We’ve already seen how warehouses have become a bigger part of direct to customer shipping fulfilment, and the need to meet next day and same day commitments alongside the store deliveries means operatives are under more pressure to optimise processes.

From scanning and tracking items through the warehouse to monitoring progress through delivery or managing any returns, being able to track and communicate the progress of both supplies and finished goods is essential in today’s fast-paced business world.

Connected mobile devices, equipped with scanners and location tracking technology, enable operatives to monitor the process of orders from the warehouse floor. The result is that items anywhere within the supply chain can be instantly located, significantly increasing accuracy.

Multi-mode solutions are key to the optimisation of order management, with research showing that these systems can reduce overall order fulfilment times by more than 15%, compared to voice-only solutions.It also helps to reduce error rates – again saving time and money – with error rates in voice-only systems being 63% higher compared to multi-modal communication.

  1. Network-wide collaboration

The ability of managers to communicate with operatives on the warehouse floor is now only a small part of the fulfilment process and collaboration is now required across the entire supply network to track and monitor stock – including through the distribution and transport stage.

Mobile computers, which can be connected to the same voice and data communications and available at any point in the supply chain, make it much easier to keep the supply chain moving, with issues raised and solved immediately from anywhere.

For instance, in the past, the only time a wrong delivery could be identified was when the driver got to the endpoint. Now, the ability to directly scan items in situ means items can be confirmed before they are even moved and stock can be identified and delivered much more quickly. This alone is making the supply chain much more streamlined and ensuring that when problems do occur they are rapidly addressed.

Improving collaboration across the network also produces significant benefits from a fulfilment point, with individual items picked nearly 17% faster, and complete order fulfilment is more than 15% faster with multi-modal communication.

  1. Operational alignment

Aligning operations throughout the supply chain – from the warehouse to the end user – ensures the smoothest and most efficient journey of stock and items. In an environment when different sized orders are being distributed to stores and customers, it becomes ever more important to improve communication and coordination: and a break down in either instantly affects co-operation along the supply chain – costing time and money and impacting a company’s reputation.
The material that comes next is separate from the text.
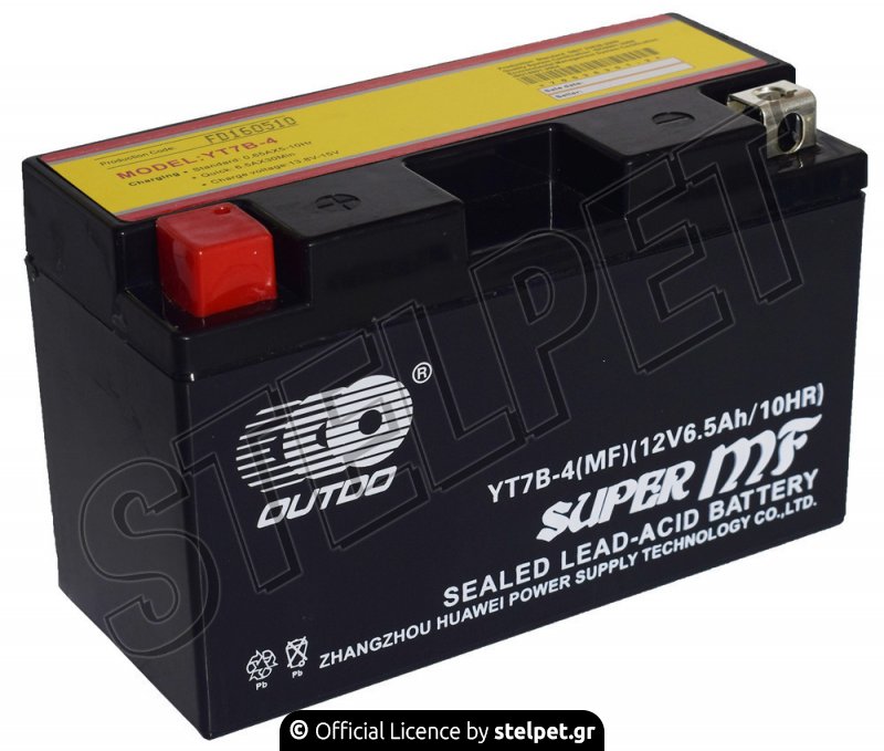 Μπαταρία της OUTDO, μοντέλο YT7B-4 (MF), 12V 6,5Ah. Έτοιμη, φορτισμένη από το εργοστάσιο, maintenance free. (TG)

New technology, particularly wearable technology, means operatives and managers can be in constant contact while activities can be optimised, and productivity maximised, through the use of mobile comms, scanners and devices. Implementing this technology throughout the supply chain is vital in a modern, fast-paced environment, particularly one which has many more points of contact than previously.

Ensuring critical business information can be accessed, shared and edited across the network has become a fundamental component of the modern warehouse network and modernising communication is the only way the supply chain can handle current consumer lead demands.